How the Fixed Mindset Weakens Your Motivation
The human mind is a meaning-making machine. Whether you’re aware of it or not, you’re constantly monitoring what’s happening around you, interpreting what it means and deciding what to do about it. This is obviously an important process for your survival, but it’s also the main driver of all your suffering – especially when it’s shaped by the fixed mindset.
When you struggle or fail to achieve your goals, you make that mean something about yourself. In the fixed mindset, it means you’re simply not good enough, or that you somehow don’t have what it takes. For example, have you ever thought or said things like:
• I’m not a math person.
• I’m not creative.
• I’m a procrastinator.
• I’m not good with technology.
• I don’t have any self-discipline.
• It’s hard for me to lose weight.
• I have no talent.
• I’m shy.
• I’m not athletic.
• I’m not a writer.
It’s healthy to acknowledge your limitations and recognize where you can be doing better in your life. But that’s not what’s happening in the fixed mindset.

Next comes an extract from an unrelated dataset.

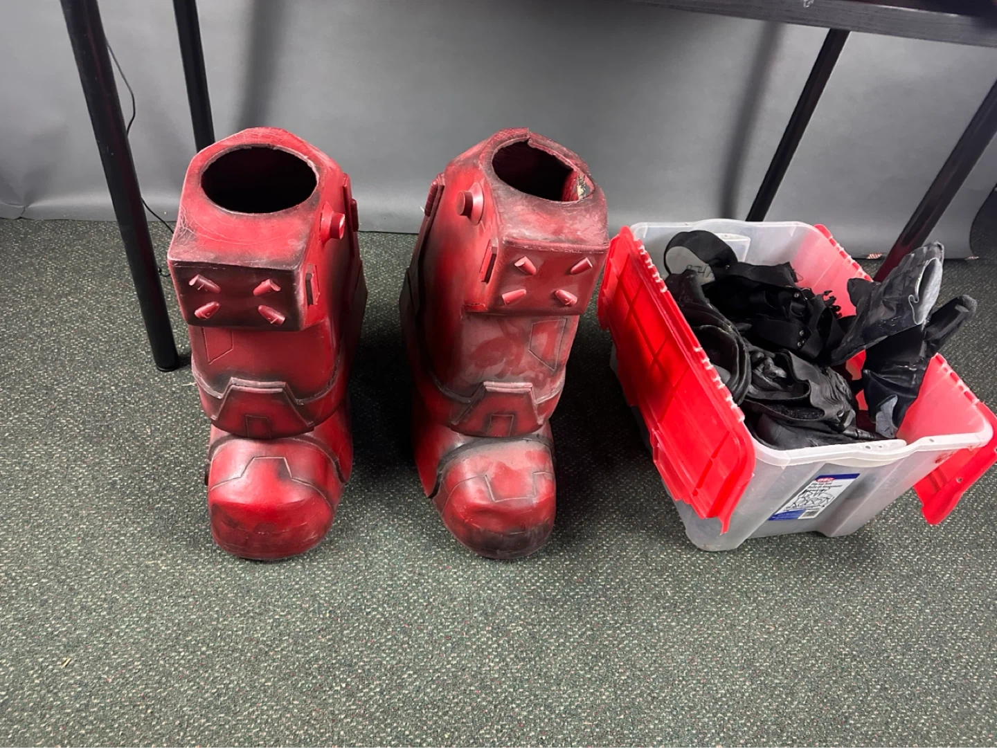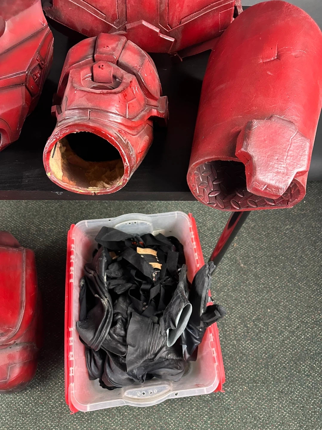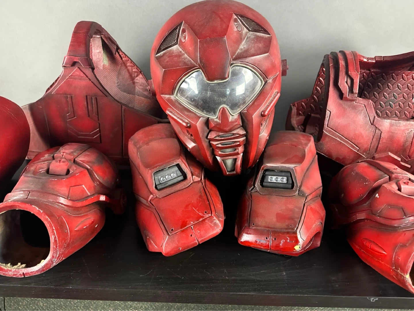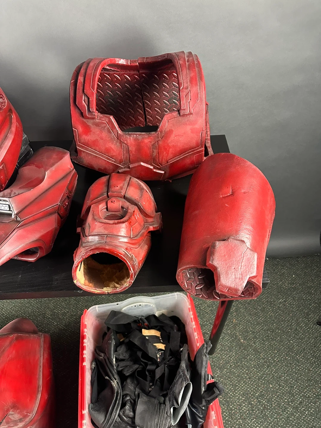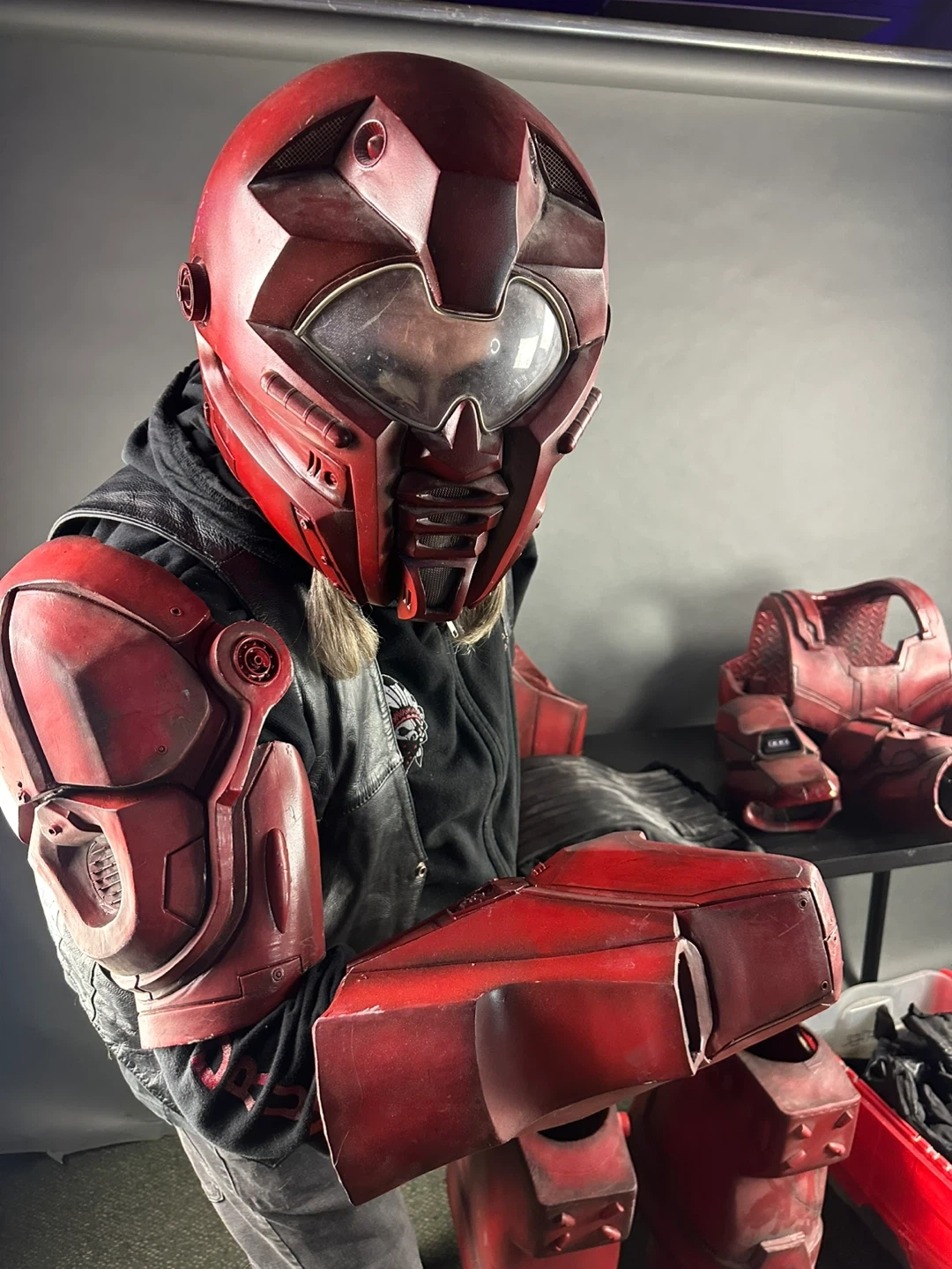 This is a full red body armour set. It includes a helmet, chest piece, arm guards, leg guards, and a bin of accessories. The costume is made of a durable material and has a worn, battle-ready finish.

Remember, the fixed mindset believes that talent and abilities are largely fixed and predetermined – either you have it, or you don’t. If you have what it takes, great. If not, why even bother to try? You might as well give up, and move on to something easier.
Obviously, this is not the kind of thinking that helped Stephen King become a bestselling author. It’s not the kind of thinking that generates motivation to persevere when the going gets tough.
How the Growth Mindset Strengthens Your Motivation
The growth mindset interprets challenge and failure much differently than the fixed mindset. Remember, the core belief of the growth mindset is that human abilities and talents are malleable skills that you can cultivate and strengthen over the course of your life.
The fixed mindset mistakenly views your limitations as permanent. The growth mindset understands they’re just a starting point – guiding stars that tell you where to focus your energy toward personal and professional development.
The growth mindset is an antidote to defeatism. It interprets challenge and failure not as a signal to throw in the towel, but as a natural, healthy part of human growth and achievement.
This may sound like good ole’ fashioned positive thinking, and maybe it is. The difference is these conclusions are based on 40 years of rigorous, scientific research – hundreds of studies that all say the same thing. If you want to strengthen your motivation, achieve your goals and lead a more fulfilling life, you’re best-served by a growth mindset.
Your Choice: Fixed Mindset or Growth Mindset
As I’ve said many times, success rarely comes easily. Anyone who’s ever reached a level of success or made a change in their life had to overcome challenges, setbacks and short-term failures along the way. Some more than others, I’m sure, but ultimately, they all persevered. They all kept moving forward, regardless of the challenges they faced.
You now have a choice regarding how you interpret struggle, setbacks and failure. You can interpret it from a fixed mindset as evidence that you’re somehow not cut out to succeed. Or you can interpret it from a growth mindset as guidance for where to focus your efforts toward personal and professional development.
If you want to protect your motivation, and keep moving forward, always make the growth mindset choice!